Wednesday 28 September 2011

THE MIRROR - The Full Moon Rising

     I am in here. I am inside the glass now, inside the mirror, the one above the fireplace. There is nothing that could have prepared me for this. Nothing that anyone could have told me. No warning would have been enough. And no warning was enough. But, the terror that Sophia described is nothing compared to the reality.
     This is the very essence of unsettling. Disembodied, I am in here. I am nothing but myself, just my self, literally, the kernel of what I am. I don't know if I am my soul or I am my mind, all I can say is, that I am. Not that I can actually say anything, for I have no mouth. That was a joke.  I think therefore I am. Period.

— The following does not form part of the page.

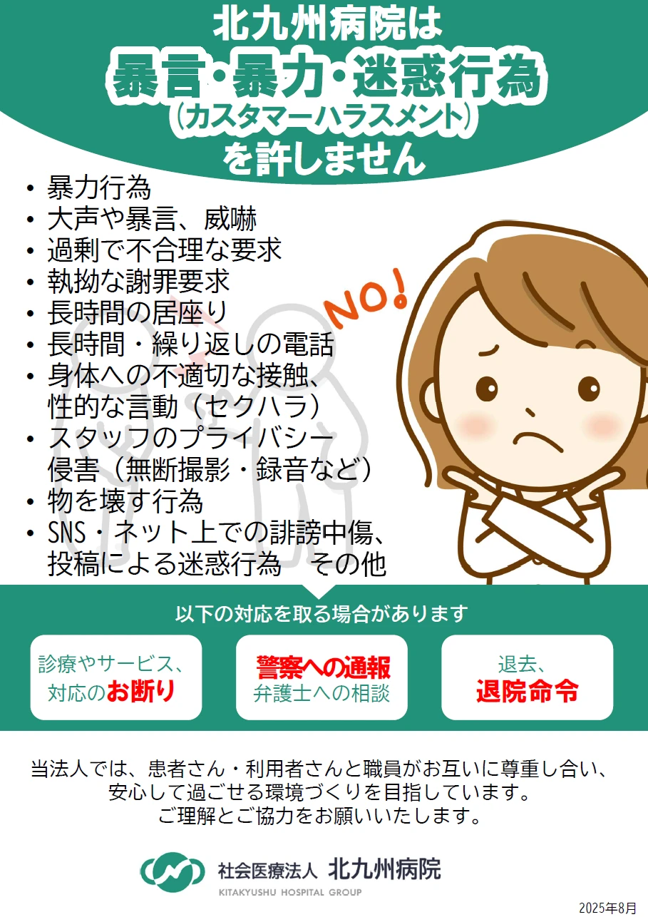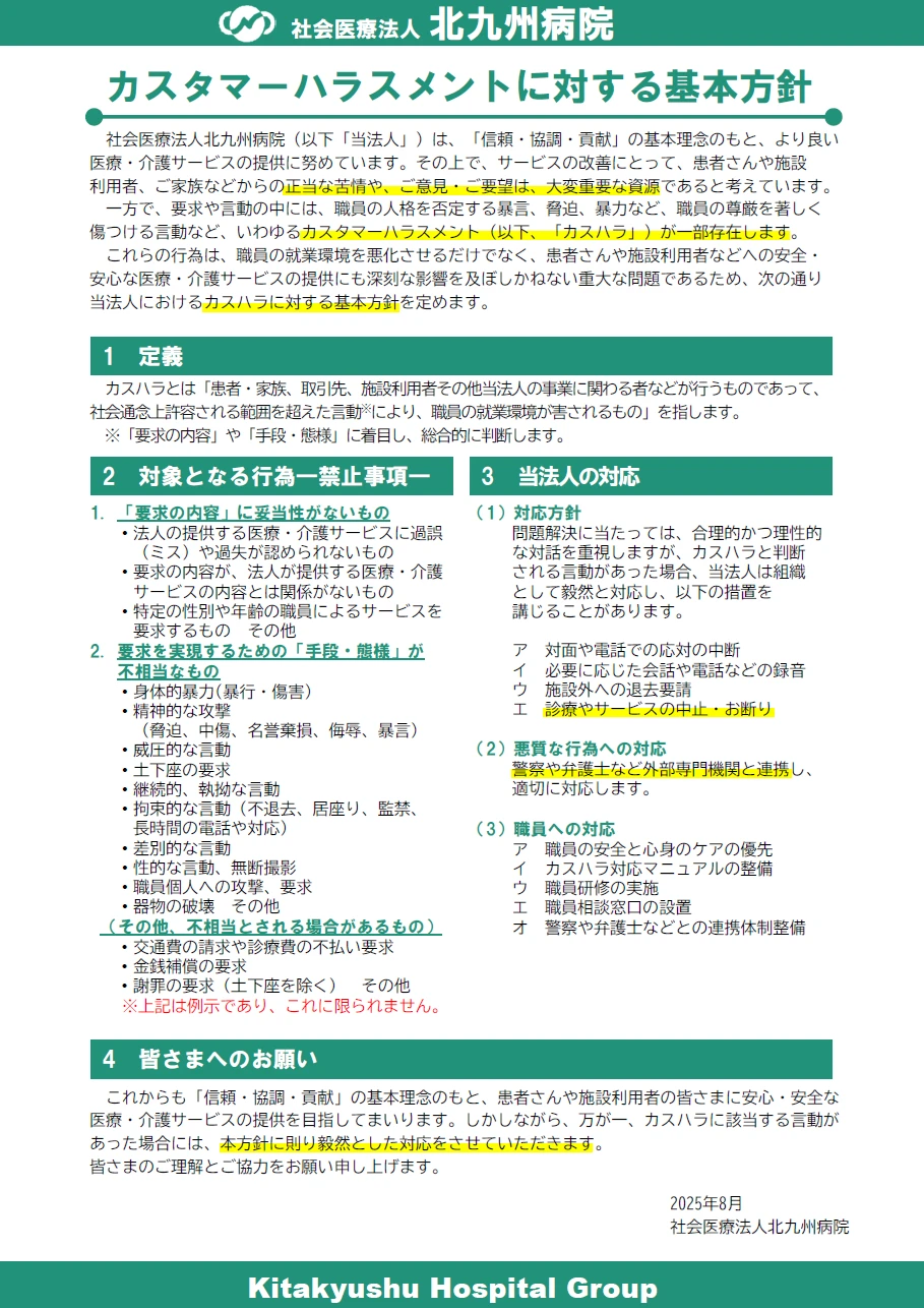 このたび、患者さま・ご家族、ならびにその他の施設利用者の皆さまに、安心してご利用いただける環境を守るため、当法人では「カスタマーハラスメント(施設利用者等による暴言・暴力・著しい迷惑行為)」に関する基本方針

     I am not alone. The other creatures are in here also. I think there may be thousands of them. They make quite an uproar in a language and range of sound I can not understand. Yet it is not unpleasant and somehow vaguely familiar. I know! They sound like wind chimes, that's what they remind me of, wind chimes.
     I seem to be the only human in here, could that be possible? I feel terribly alone and helpless. But at least I have sight.  I have no eyes, but somehow I am able to see everything in front of the mirror. Thank goodness I chose the living room and not the bathroom! Another joke.  I watch my family move in and out of the room. They haven't even noticed that I am not among them.  They think that the body the creature inhabits is actually mine. How can that be?
     Sophia was right. They are very clever. It must have been watching me for years, memorising my speech, learning our language and our habits, and biding its time.
     "The spirits in the glass will steal your body from you in the wink of an eye." She had told me, countless times.  "They will use your body as their own and will imprison your soul in the glass in their place. It only takes an instant, and poof! You are lost forever."
     She told me about the full moon, that the full moon releases the creature's powers. How I should never look at my reflection on a full moon night. She had even covered all the mirrors and all our windows on those nights as a precaution. I half believed her, which only made me more curious, too curious, too reckless, and now I am locked in here forever. That is, unless I stoop as low as they, and entice someone else to look at their reflection on a night when the full moon is rising.